AIM OF THE EXERCISE: Once the line holding "左至右,上至下分别是三星S5、小米4、魅族MX4 Pro和manta 7x。统一100%亮度显示白色,三星S5和manta" is found, output it and all remaining lines of the data exactly, with every picture left out.

###

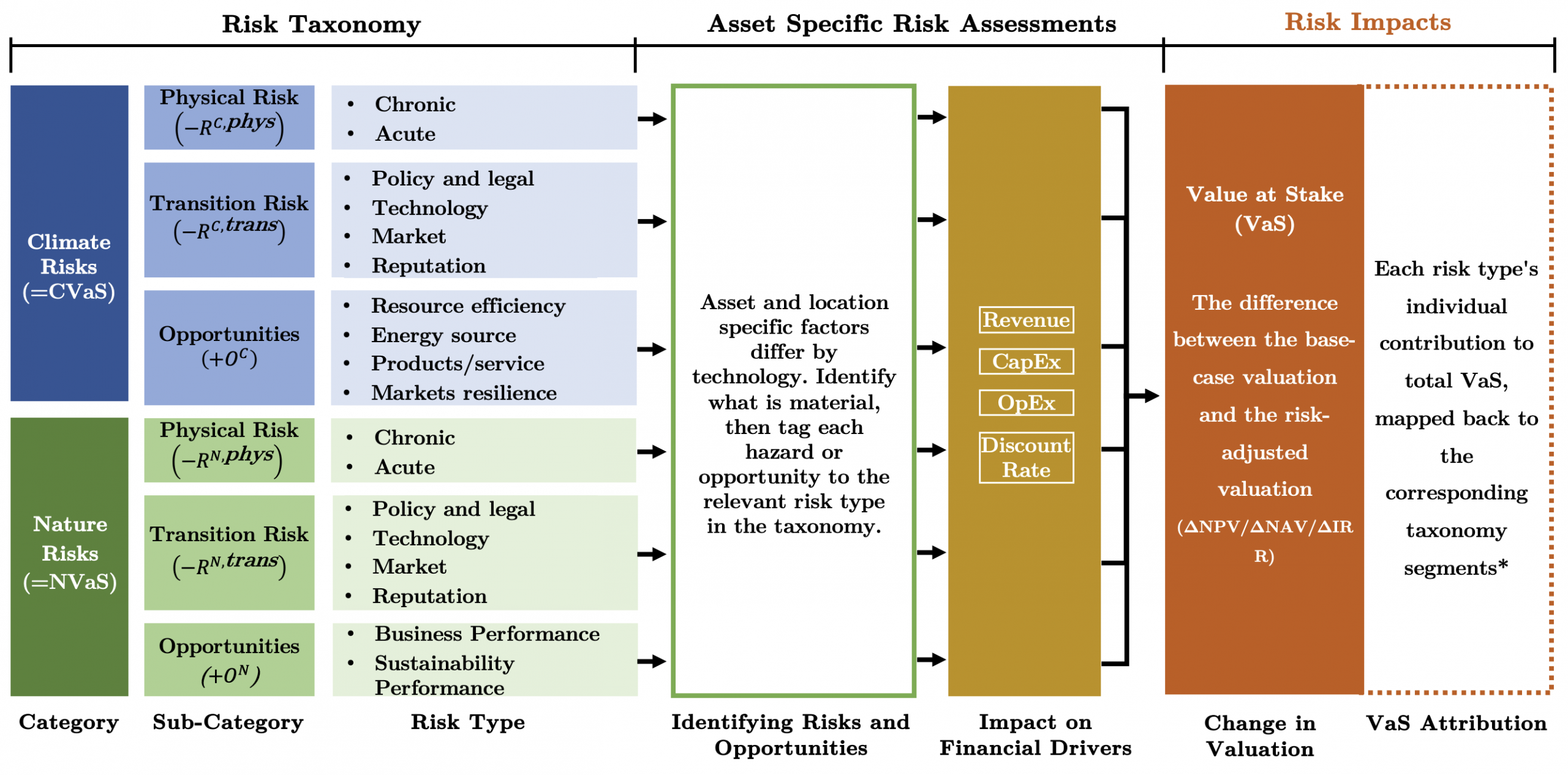 Asset level Climate Value at Stake (CVaS) and Nature Value at Stake (NVaS) treat climate and nature as explicit value adjustments to an existing base case valuation, expressed in changes in NPV, NAV, or IRR terms. In practice, assessments begin at the asset level. Risk signals relevant to each asset’s technology and location are translated into expected financial effects through existing budget items: revenue, OpEx, CapEx, and the Discount Rate. Each asset is assumed to have a baseline valuation without climate or nature considerations, with CVaS and NVaS representing the monetised change to that baseline driven by risks and opportunities. CVaS reflects the combined effect of physical and transition climate risks alongside climate related opportunities, while NVaS reflects the effect of physical and transition nature risks that reduce value and nature related opportunities that increase value. In both cases, value impacts are decomposed into three blocks: physical risks, transition risks, and opportunities. Physical risks are divided into acute and chronic components, while transition risks are structured across policy and legal, technology, market, and reputation channels. Climate opportunities follow established categories such as resource efficiency, energy sources, products and services, and market resilience, while nature opportunities are structured around business performance and sustainability performance.
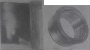 - Проворачивание внутреннего кольца на валу или на шейке оси (потеря посадочного натяга) показано на рисунке 1.7. Причины возникновения и развития – недостаточная величина посадочного натяга или увеличение посадочного диаметра из-за нарушений технологии изготовления, термообработки или из-за разрыва кольца. Способом выявления является внешний осмотр и обмер. Для дальнейшей эксплуатации необходимо заменить кольцо;
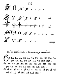De esta manera, no se hizo una clara distinción entre el lenguaje vernáculo y el litúrgico, aunque este último se basó en las normas eslavas del sur más que en las eslavas orientales. A medida que el lenguaje evolucionó, varias letras, notablemente las yuses (Ѫ, Ѭ, Ѧ, Ѩ) fueron descartadas gradual y sistemáticamente tanto del uso secular como de la iglesia durante los siglos siguientes, y ninguno de los varios intentos de estandarización lingüística tuvo éxito.
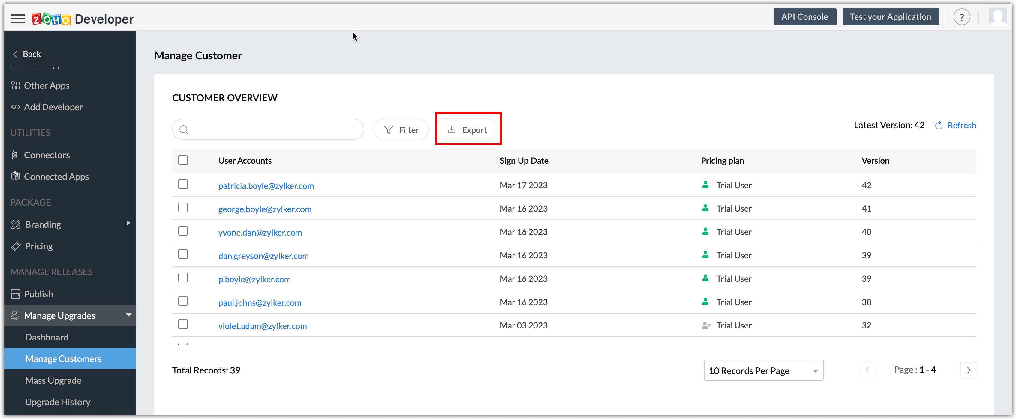 Vertical Solutions allows you to export the customer data of your solutions in csv format from the Manage Customers page. This data can be used for analysis outside the Developer. To export the Customer data, navigate to the Customer Overview page by clicking on Manage Upgrades > Manage Customers.
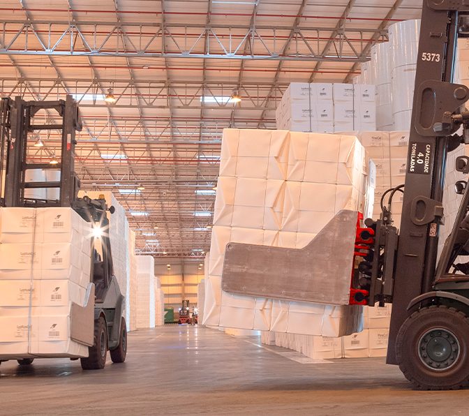 Soluções robustas e versáteis para o manuseio eficiente de fardos de celulose.
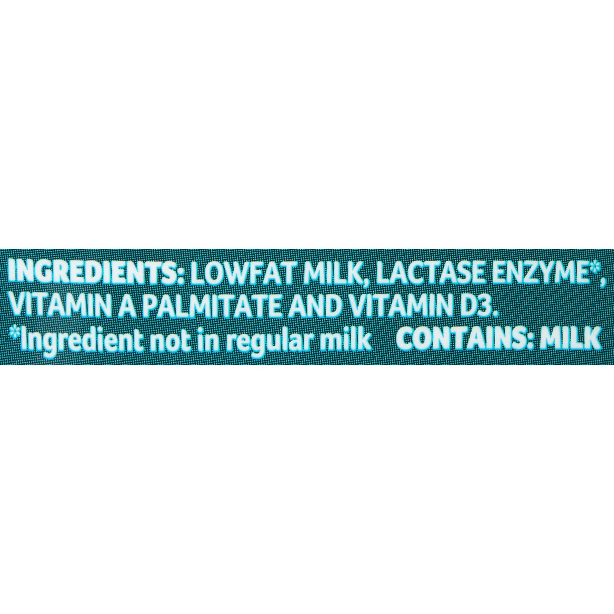 Ingredients: Lowfat Milk, Lactase Enzyme, Vitamin A Palmitate, Vitamin D.
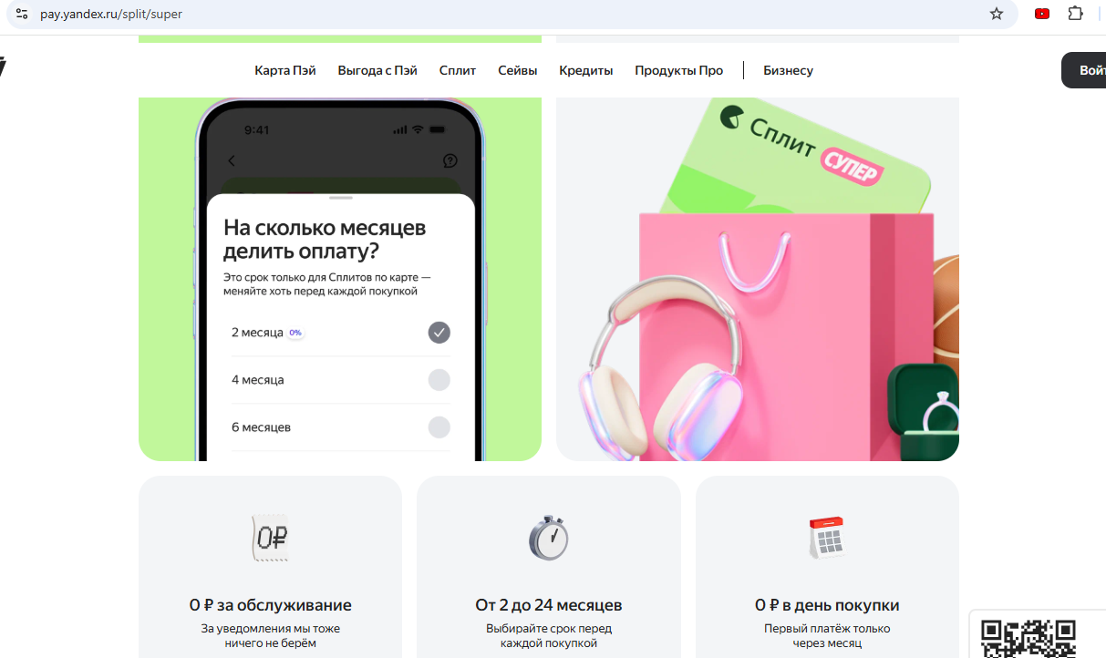 У бесплатной кредитной карты «Супер Сплит» («Улучшенный Сплит») от «Яндекс Банка» на первый взгляд ничего интересного нет: кэшбэк отсутствует, а бесплатная рассрочка на покупки у непартнёров составляет всего 2 месяца.
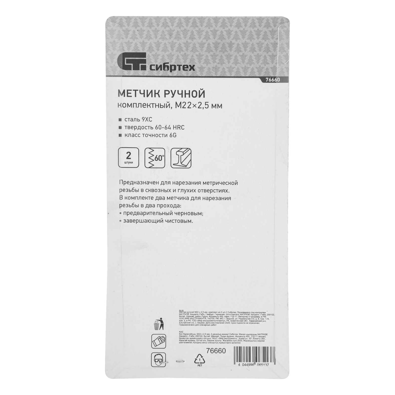 Метчик ручной М22 х 2.5 мм, комплект из 2 шт Сибртех
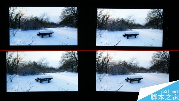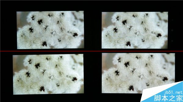 左至右,上至下分别是三星S5、小米4、魅族MX4 Pro和manta 7x。统一100%亮度显示白色,三星S5和manta 7x的屏幕都有轻微泛红,小米4偏蓝偏冷,MX4 Pro则有轻微偏黄。
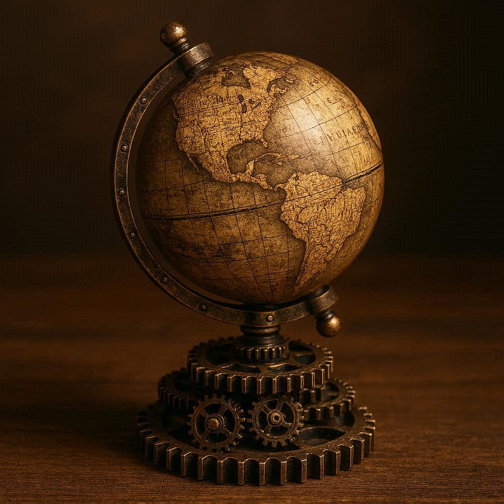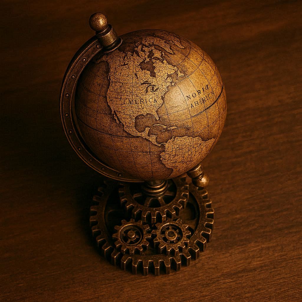 Steampunk Style Miniature Gears & Globe Paperweight – Vintage Explorer’s Relic
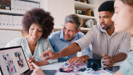 Creative director and colleagues reviewing photographic prints spread out on a table in a modern office
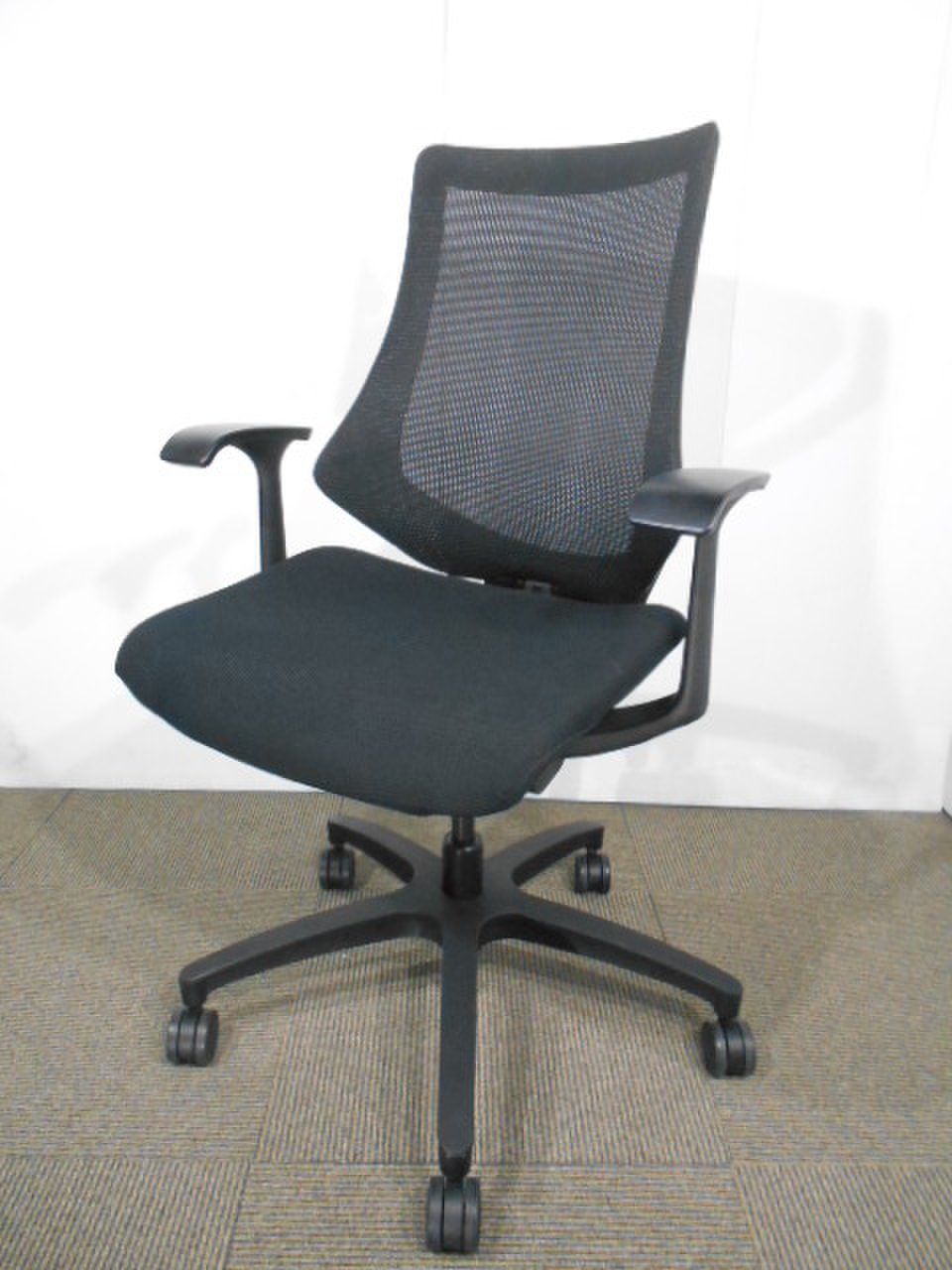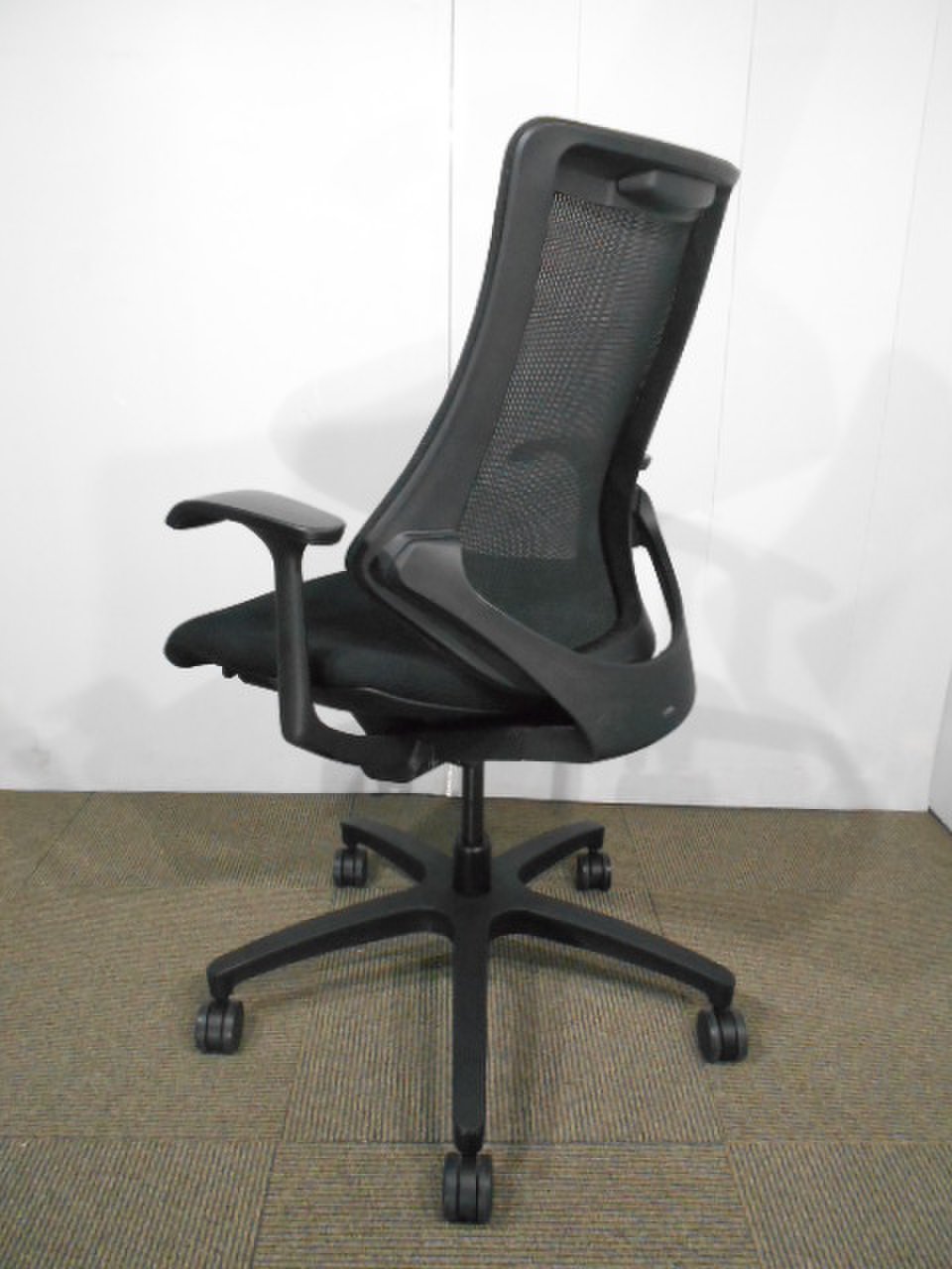 【三次元フォルムが腰にフィット!】希少なエラストマータイプ! ■イトーキ製 エフチェア 肘付 ブラック ハイバック ■姿勢の変化にフレキシブルに対応!

###

RESPONSE AREA:
 左至右,上至下分别是三星S5、小米4、魅族MX4 Pro和manta 7x。统一100%亮度显示白色,三星S5和manta 7x的屏幕都有轻微泛红,小米4偏蓝偏冷,MX4 Pro则有轻微偏黄。
 Steampunk Style Miniature Gears & Globe Paperweight – Vintage Explorer’s Relic
 Creative director and colleagues reviewing photographic prints spread out on a table in a modern office
 【三次元フォルムが腰にフィット!】希少なエラストマータイプ! ■イトーキ製 エフチェア 肘付 ブラック ハイバック ■姿勢の変化にフレキシブルに対応!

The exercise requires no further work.